For the past year I’ve been settling into my new found status as a single male. I must admit, the experience has been somewhat akin to donning an ill-fitting suit. In addition to being a bit reserved, I’m what one might call a non-conformist. I have long hair, a rock and roll lifestyle, and the overall outlook of someone much younger than my actual years would suggest. Not that I’m wild, my days of vice and depravity are tucked neatly in the past; however, I’m not a lump on a log either.
I’ve read that men become invisible at a certain age. I believe that observation is correct. I used to turn the heads of females when I entered a room. Now the ladies look past me. Alas, I’m getting old. So what’s a geezer with a Peter Pan complex supposed to do? I may be over-the-hump, but I’m still in need of a proper re-charging of the old battery, as it were.
Such a proper recharge, in my case, runs deeper than sex. I need that spark from another human; that mutual attraction that stirs the soul and simultaneously excites and soothes every nerve ending…that crush…that shared joie de vivre.

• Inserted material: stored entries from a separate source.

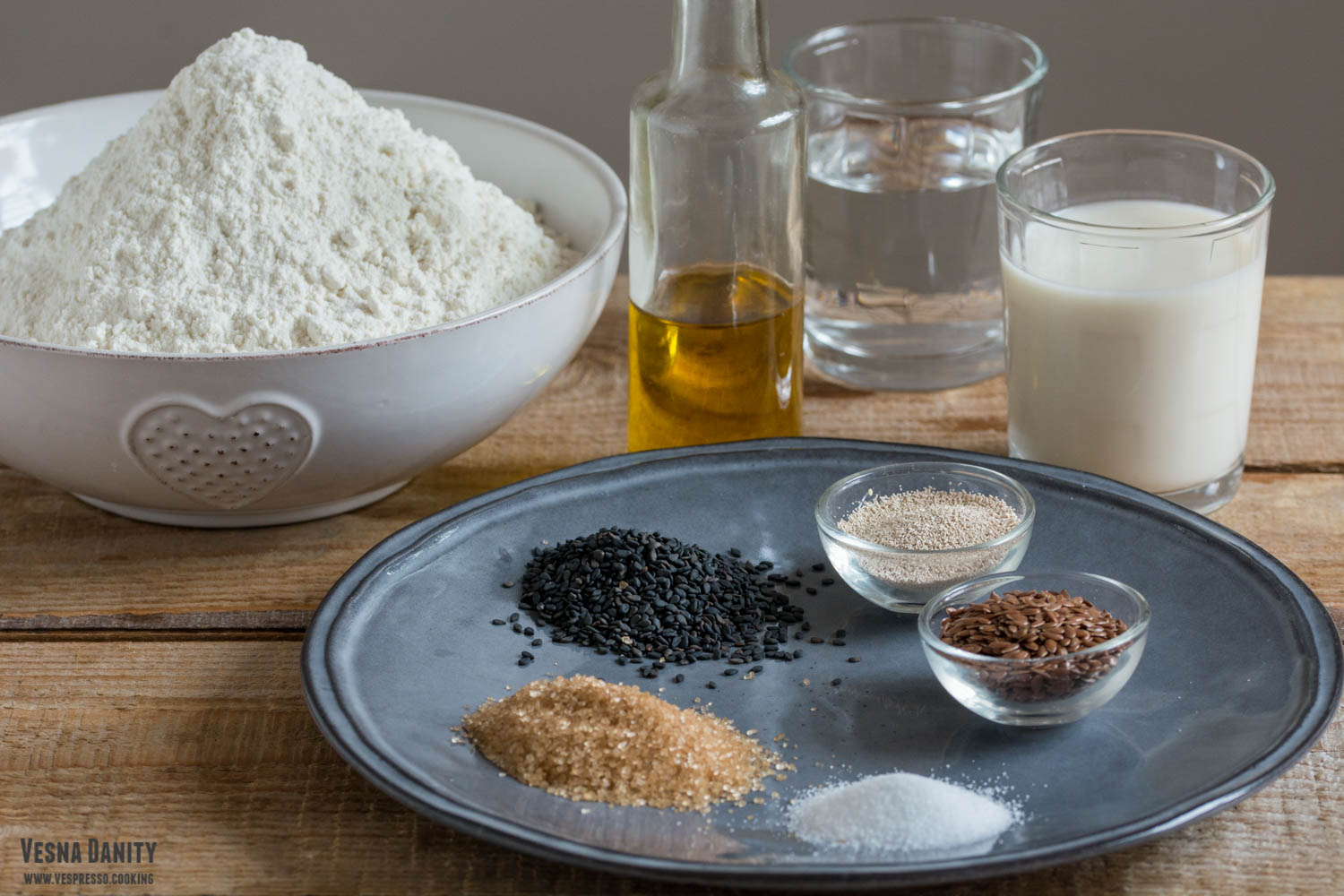 1. Pentru a obține miezul acela elastic specific pâinii care are în componență ou, în această rețetă am înlocuit oul cu semințe de in. Pentru a obține echivalentul unui ou am sfărâmat 1lingură de semințe de in și le-am amestecat cu 3 linguri de apă.
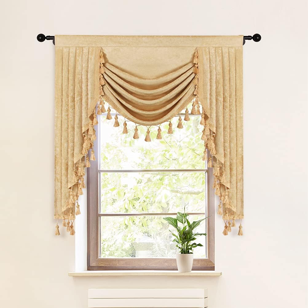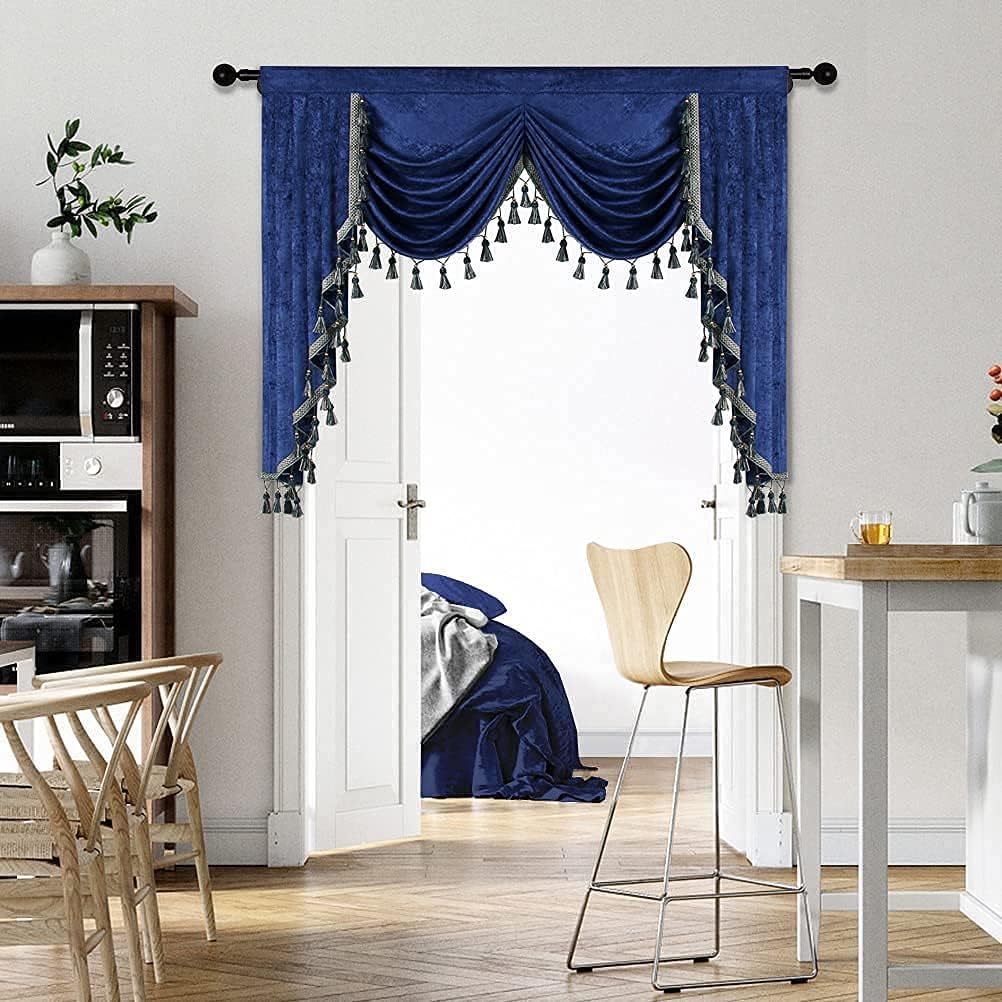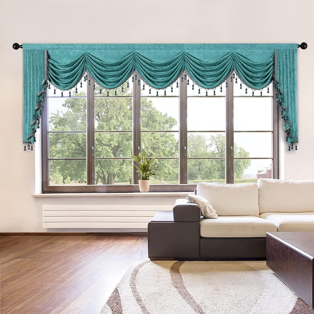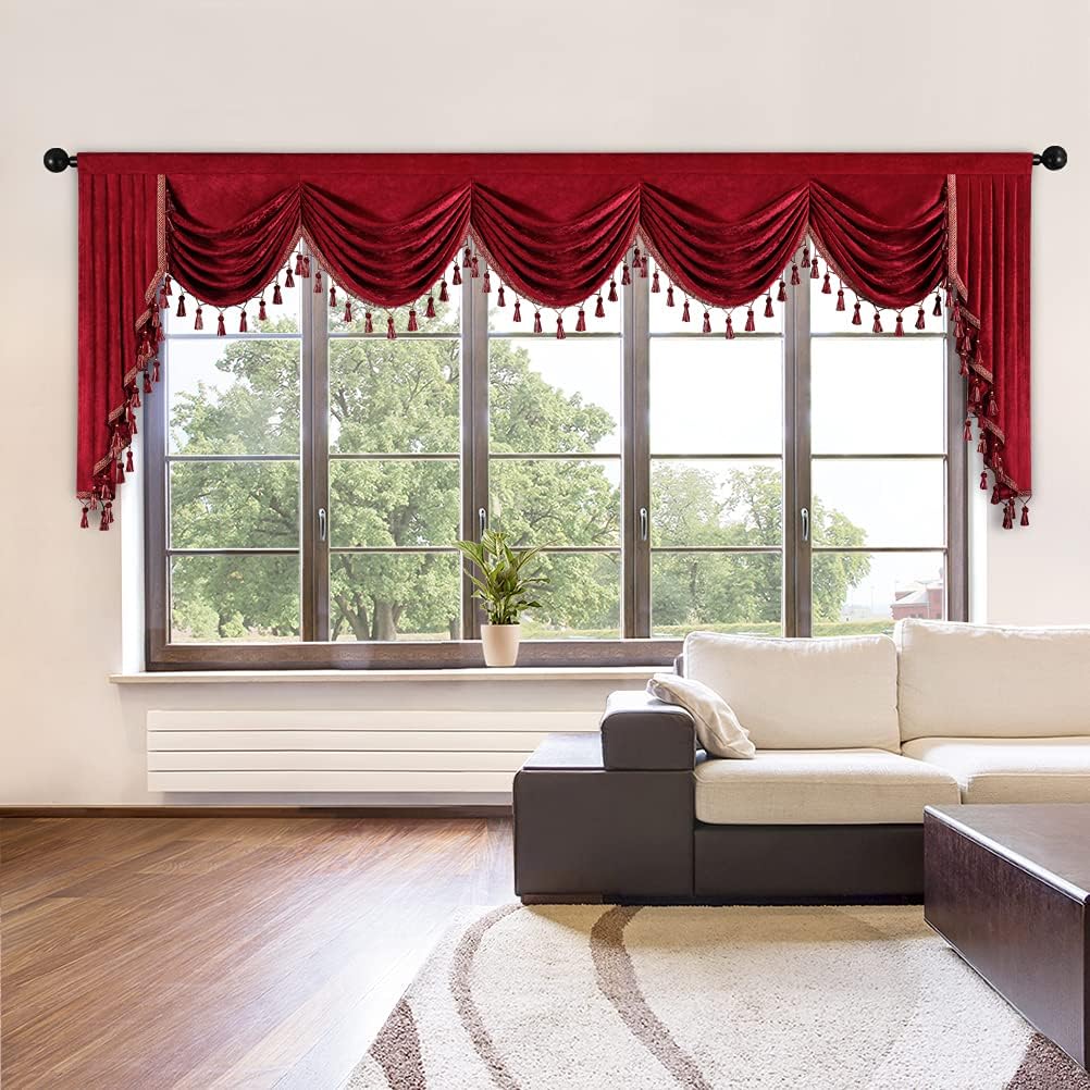 ❤Size: 1 piece valance, 79" wide with 3" pocket, swag near 22"~24" long,cascade 43" long.
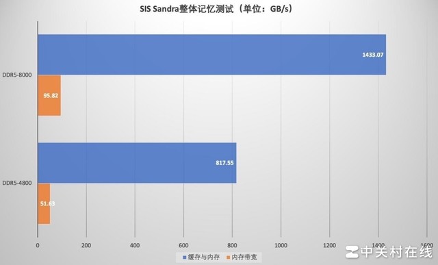 在SiS Sandra的整体记忆测试中,DDR5-4800初始带宽成绩为51.63GB/s,延迟90ns;XMP DDR5-8000带宽成绩达到了95.82GB/s,延迟则降低至69.7ns。SiS Sandra和AIDA64测试结果都表明,内存频率的提升会抵消高时序带来的不利影响,对于提升带宽、降低延迟都有积极作用。
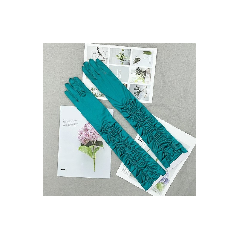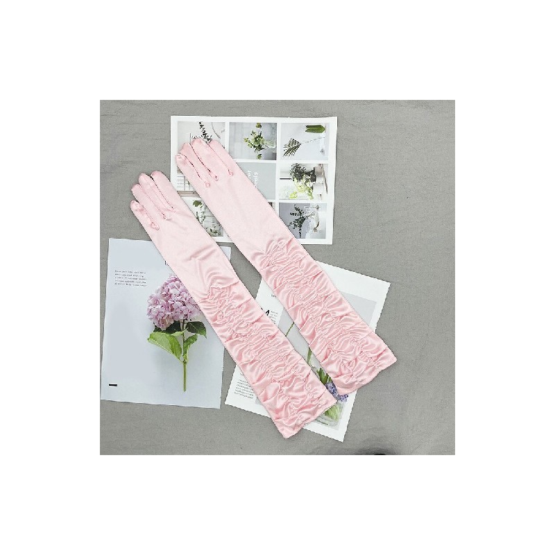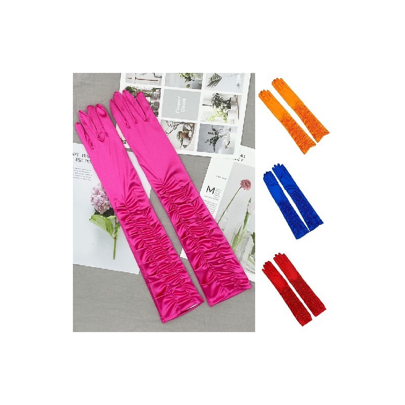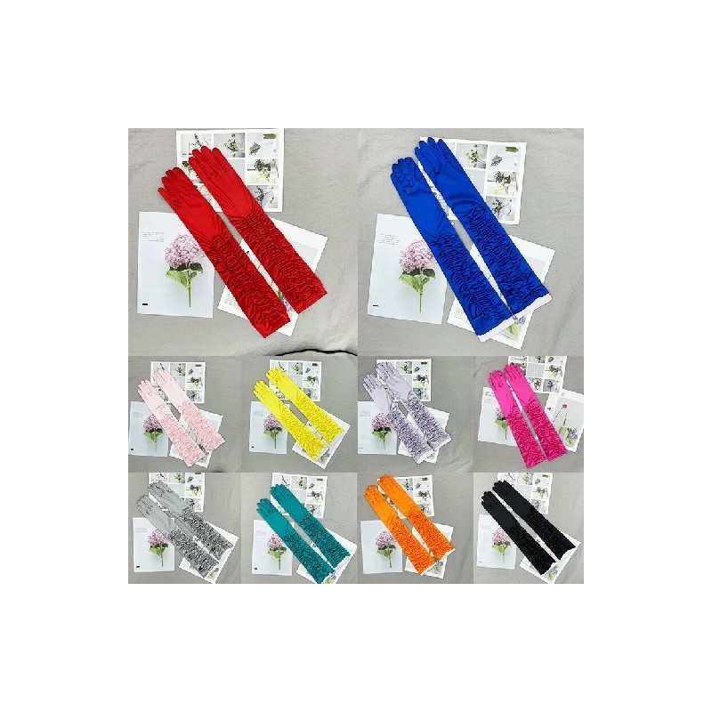 51cm Pleated Satin Long Gloves Disco Elegant Gloves Bride Wedding Accessories Bridal Purple Black Ivory Ladies Pageant Dress
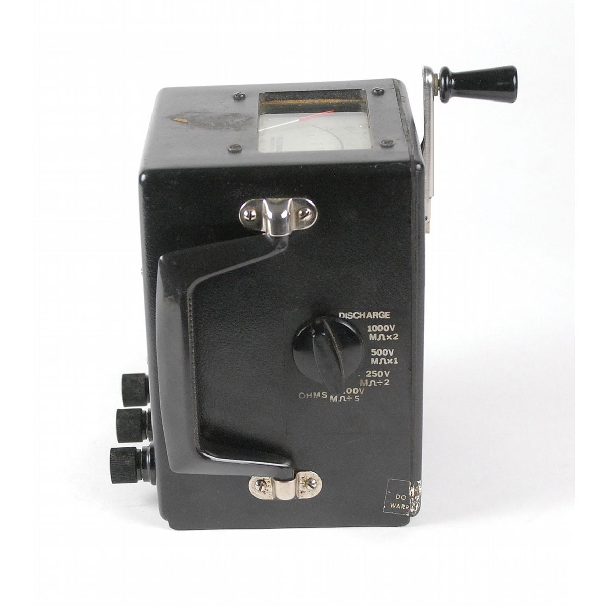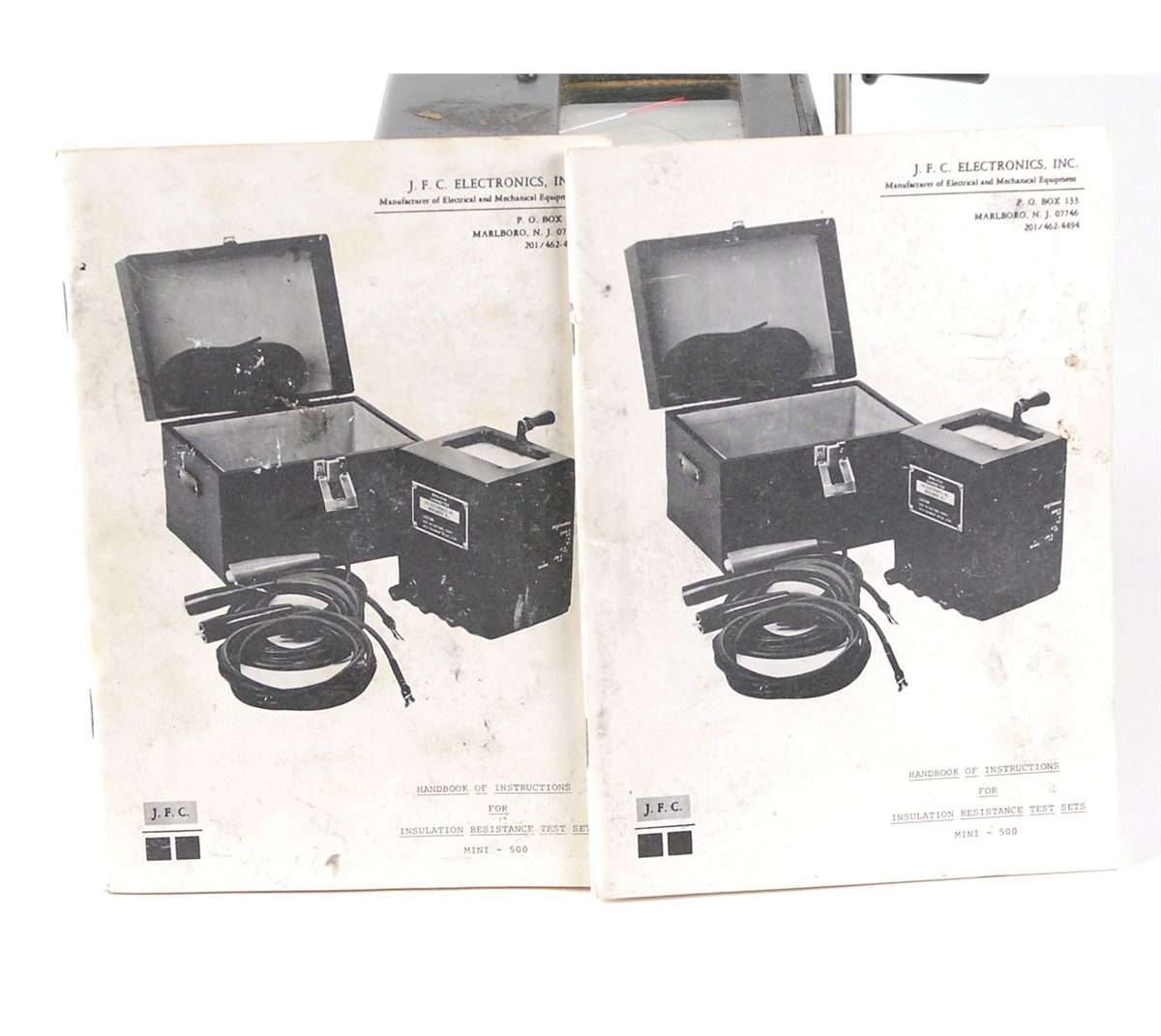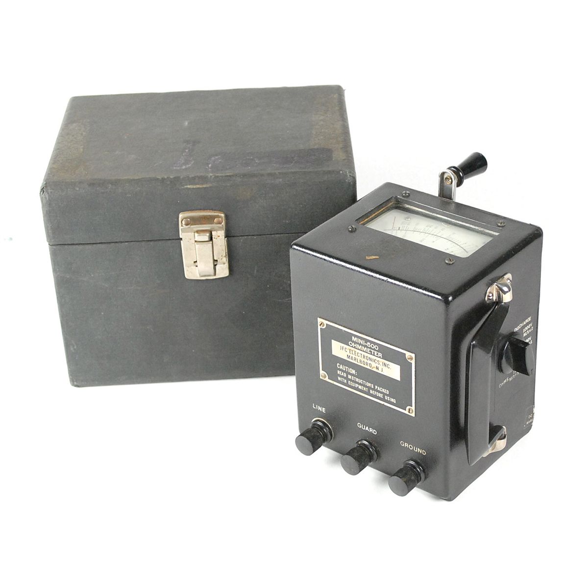 Mini-500 Ohmmeter, 5 x 6 x 4.5, made by JFC Electronics Inc. of Marlboro, New Jersey. Meter has connections for Line, Guard, and Ground, hand crank, and meter. Device comes in its original case and is complete with directions. In fine condition.
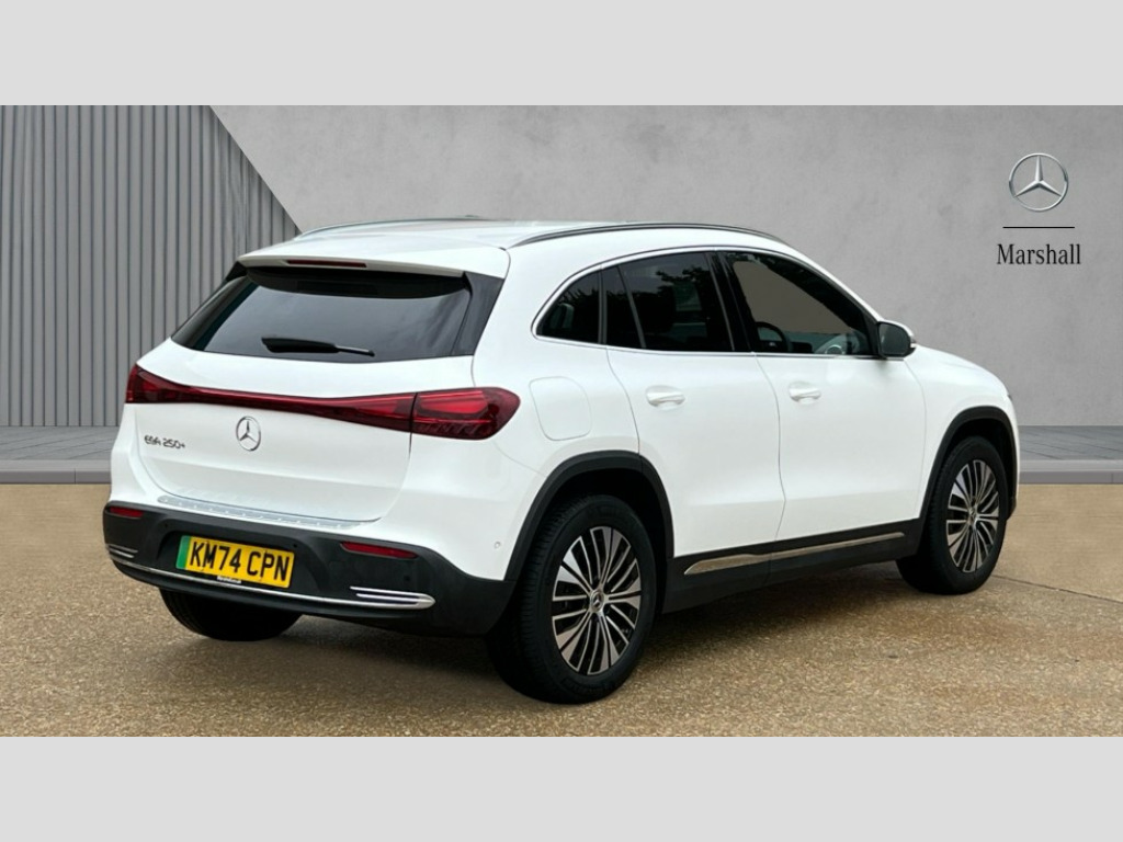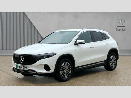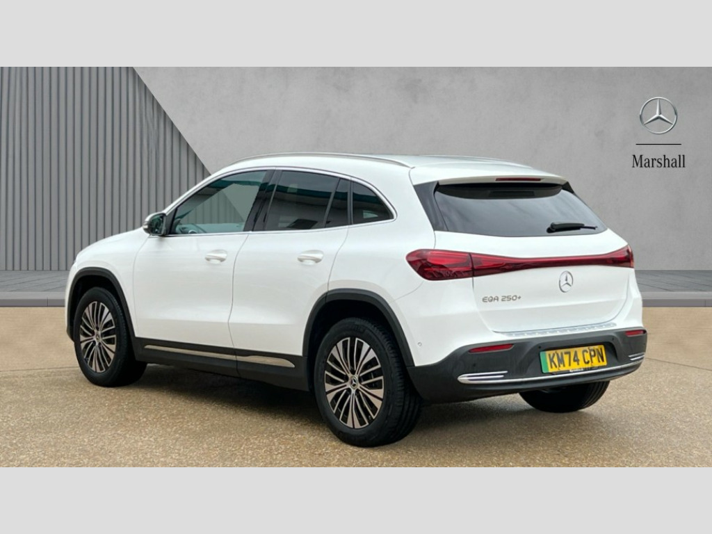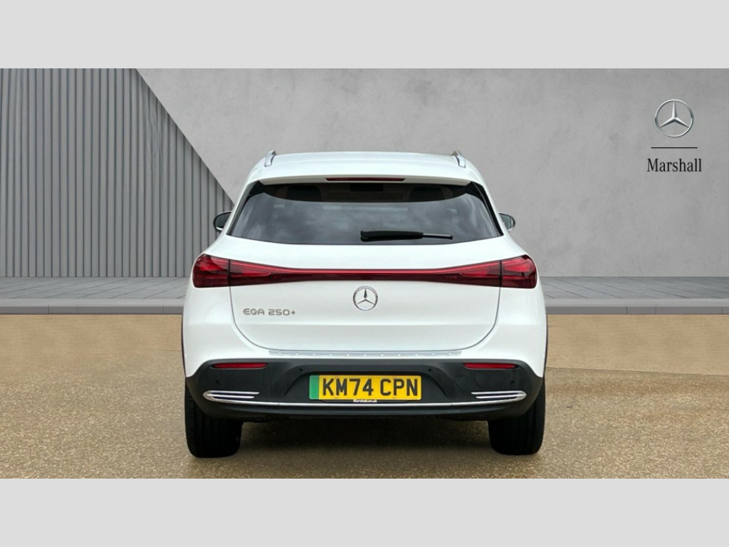 Mercedes-Benz Eqa EQA 250+ 140kW Sport Executive 70.5kWh 5dr Auto Acoustic ambient protection, DYNAMIC SELECT with a choice of driving modes (max range, ECO, comfort and sport), Easy-pack tailgate, EQ navigation services - map (range display), display charging stations, programming of charging settings and pre entry climate control, Hard-disk navigation, Mercedes Benz emergency call system, Mercedes me connect, PAS, Service indicator, Smartphone integration with Apple CarPlay and Android auto, Trip computer, 100KW DC onboard charger, 11KW onboard charger, Charging cable for wall box and public charging station - Type 2(mode 3) 5m, Combined charging system CCS-2 connector, Comfort suspension with ride height lowering, DAB Digital radio, MBUX multimedia system with 10" Digital instrument cluster and 10" media display with touchscreen, Mercedes-Benz sound system, 3rd brake light, Body colour bumpers, Daytime running lights, Electric front windows, Electric rear windows, Electrically adjustable door mirrors, Front and rear LED light band, Front fog lights, Heated door mirrors, LED High performance headlamps with adaptive highbeam assist, Polished aluminium roof rails, Privacy glass - heat insulating dark tinted glass, Rain sensor windscreen wipers, Rear side wing doors, Rear wiper, 3 seat bench in 2nd row, 3 spoke multifunction sport steering wheel in ARTICO man made leather, 40:20:40 split folding rear seats, Ambient lighting with choice of 64 colour settings, Artico man-made leather upholstery, Double Cupholder, Fluorescent jacket, Front and rear head restraints, Gearshift paddles on steering wheel, Heated front seats, Reach and rake adjustable steering column, Rear armrest with storage + through load, Roof lining - Black fabric, Single front passenger seat, Stowage compartment with retractable cover, THERMATIC automatic climate control, Velour floor mats, Interior light package - EQA, Mirror package without dimming interior and drivers exterior mirrors- EQA, Parking package with reversing camera - EQA, Seat comfort pack - EQA, Stowage package - EQA, 3 rear seatbelts, 6 airbags - Driver, front passenger, curtain and side airbags, ABS, Child locks on rear doors, Electric parking brake, ESP, Front passenger airbag deactivation, Isofix child seat anchor points on outer rear seats, Knee bags, Radar-based recuperation, Guard 360 degree vehicle protection, Remote central locking, Star pattern trim elements, 18" Multi spoke light alloy wheels aerodynamically optimised painted in black with high sheen finish, Summer tyres, Tirefit

This aching need pushed me over the freaking edge last night. Well, honestly, several beverages exacerbated the process as well. I joined a fucking dating site. What was I thinking? With my usual flair, I completed an enticing profile complete with photographs of me in various exotic locale. Oh…my…gawd…what a crazy world we live in.
I’m used to marketing my writing and live for the responses I receive daily from the beautiful folk around the world. Marketing my self is an entirely different ballgame. When my PC exploded with responses from every direction, I had to fight the urge to throw my fucking laptop out the window and hide under my bed. Instead, I paced the house for a bit (dog at my heels with a confused look), opened a beer, and crept cautiously back to my desk.
For the next three hours, I sat in muted light, gazing at the profiles of lonely souls such as me, from my area and beyond. I braved the numerous flirts and messages, some serious, and some scammers preying on pitiful suckers like me. I almost sent a couple of messages myself but I’ve resisted so far.
I’ve yet to shake the feeling of a lecherous hermit shopping for a mail order bride. That’s something I’ll have to get over (maybe). I’m telling myself, this is the world where I now dwell…anonymous, disenfranchised, alone with little prospect of remedy. There are others out there just like me, right? I don’t know. Time will tell. In the meantime, I’ll try to keep jump starting a battery in desperate need of recharge.
Thank heavens for WordPress. Here, behind my words, I’m home.
Peace dear readers and if anyone knows any singles with a geezer fetish, let me know.